Our paper published in Science can be found HERE and some background that led to this paper (and more pictures) can be found HERE.
I only half joke when I say that I’ve spent most of my career learning how many ways snowshoe hares can die. But that obscure talent has taught us some things, and led to big questions. We found that hares die more in the fall and spring than in winter/summer (and wondered: why?). We watched as hares molted from summer brown to winter white -- timed by ancient rhythms of daylength – and stood out like white light bulbs against increasingly brown snowless ground (and wondered: will they die, or hide, or what?).
A mismatched hare from our field research. Seeing more and more of these over the years got my mind spinning about climate change and potential adaptation. (Mills research photo)
And so, for the last decade we’ve been drilling deep into seasonal coat color change, its consequences, and the potential for animals to adapt to a rapidly changing climate. Our team has grown into a wonderfully collaborative, international group of interdisciplinary researchers and students. Seasonal color-change trait occurs in 21 of the planet’s most charismatic (and photogenic!) mammals and birds across the northern hemisphere, an exquisite camouflage to survive in a predator-filled world. Which got me wondering: If seasonal coat color is directly and with certainty shaped by adaptation to climate, then how might adaptation help wild animals persist in the face of rapid decreases in snow duration?
In our Science paper we first set out to describe, for all 21 species, how seasonal coat color tracks climate. It turns out that not all individuals turn white in winter. Some stay brown. But where in the world do they turn white, where do they turn brown, and what might that mean for adaptation? To answer that we sought the help of some of the best naturalists of the past century. Literally. Our team pored through the old literature where sharp-eyed naturalists had recorded brown vs white winter morphs. And then we fanned out across the world, visiting 26 museums globally to view winter coat color of samples originating from 60 countries (including some collected by Teddy Roosevelt!). Eventually we recorded 2,713 samples, enough to power a major spatial modeling effort describing winter coat color for 8 of the 21 species.

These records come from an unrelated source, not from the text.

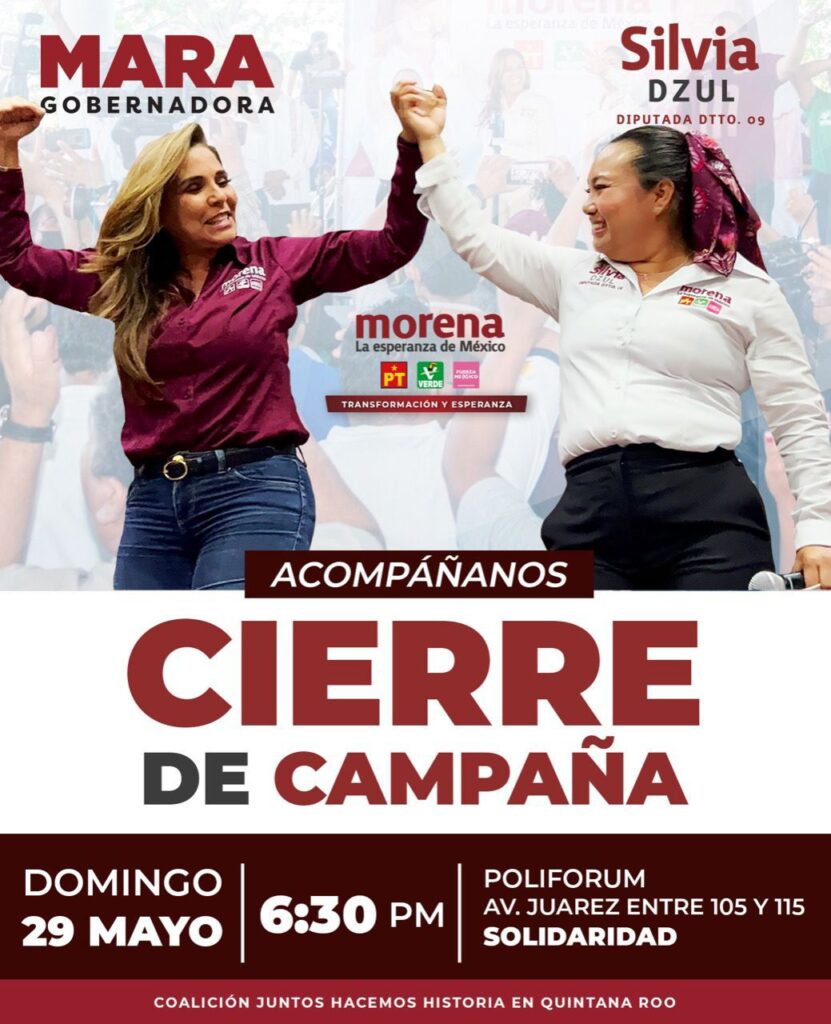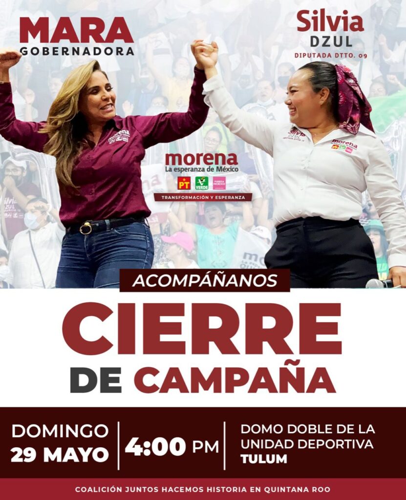 Como parte del cierre de campaña, guerreros y guerreras morenistas se darán cita en Tulum y Solidaridad, respaldando a Silvia Dzul y Mara Lezama, en presencia de uno de los defensores de los comités de Morena a nivel nacional, Adán Augusto López Hernández.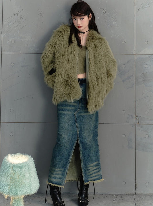 レトロスリットウォッシュデニムスカート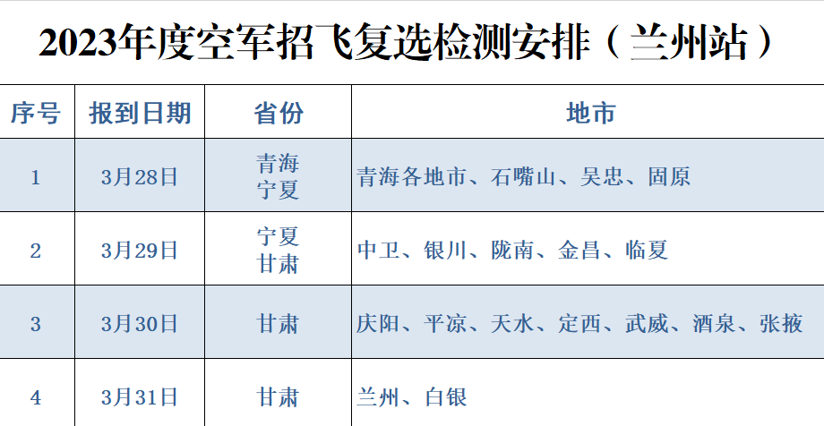 空军招飞局兰州选拔中心拟于3月28日至4月2日在甘肃省兰州市设站,组织甘肃、青海、宁夏高三男生参加招飞复选检测。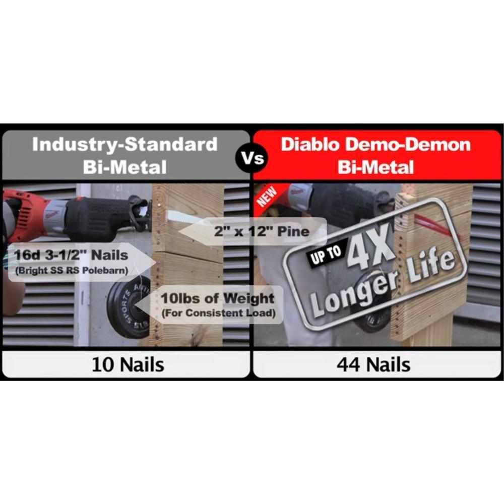 Tackle an assortment of demolition and remodeling tasks with this dependable 14-Piece Reciprocating Saw Blade Set + 2 Free Carbide Recip blades from Diablo. Demo Demon blades blaze through nail-embedded wood with amazing ease to facilitate fast teardowns of walls and framing materials; Steel Demon blades are designed to slice through metal so you can quickly dismantle a variety of pipes, bars and beams up to 1/2 in. thick. General-purpose blades are also included with this comprehensive set, as is a handy carrying case to keep all components organized and protected from job site or workshop perils.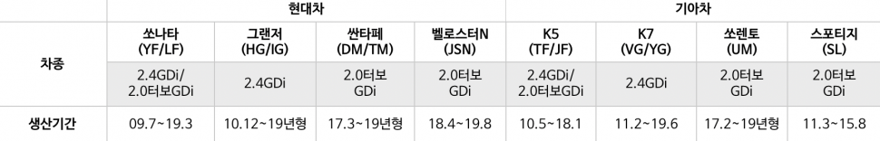 대상 차량은 구체적으로 쎄타2GDi, 쎄타2 터보 GDi 엔진이 장착된 2010~2019년형 현대차 쏘나타(YF/LF), 그랜저(HG/IG), 싼타페(DM/TM), 벨로스터N(JSN), 기아차 K5(TF/JF), K7(VG/YG), 쏘렌토(UM), 스포티지(SL) 총 52만대다.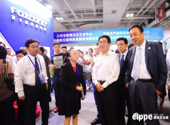 甘肅省委副書記、省長林鐸(右二),甘肅省副省長郝遠(右一)與蘭州市科技局黨組書記、局長王檸(左)參觀富士康展臺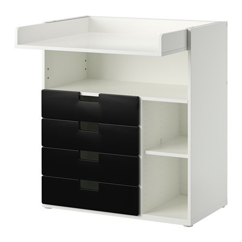 IKEA イケア STUVA チェンジングテーブル 引き出し4個付き ホワイト,ブラックベビーおむつ替え収納 90x79x102 cm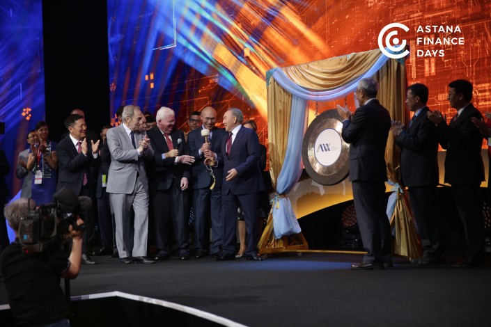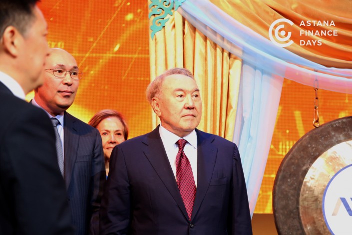 Кульминацией церемонии стал символический удар Главы государства в гонг с логотипом Биржи МФЦА (Astana International Exchange, AIX).

Some of the museum specimens that we used to determine winter coat color for 8 species. Photos by co-author and PhD student Alex Kumar
We lit up areas where all or most animals would be winter white (higher elevations and latitudes with consistent winter snow), and where they’d be winter brown (more maritime, lower elevations and latitudes with ephemeral snow). But we also revealed where winter brown and winter white individuals lived together: ‘polymorphic zones’. Following evolutionary first principles, a conservation focus to maintain polymorphic zones as large and connected populations could have profound consequences. First, it would foster rapid evolutionary shifts towards winter brown coats. Second, it would facilitate natural dispersal of adaptive winter brown genes into adjacent winter white populations.
In short, these could be ‘hotspots’ where evolution could help rescue species from extinction driven by climate change. At a time when scientists are seeking ways that nature might resist environmental changes and recover, these hotspots for evolutionary rescue emerge as areas of high resilience to climate change.
Obviously, we humans must address the root cause of climate change driven by greenhouse gases. But meanwhile, conservation efforts on areas with intrinsic resilience to global warming could help sustain species. Seasonal coat color illuminates how evolutionary rescue could be enlisted to help wild animals persist in the face of climate change. But the concept should apply broadly to any species shaped by adaptation to climate.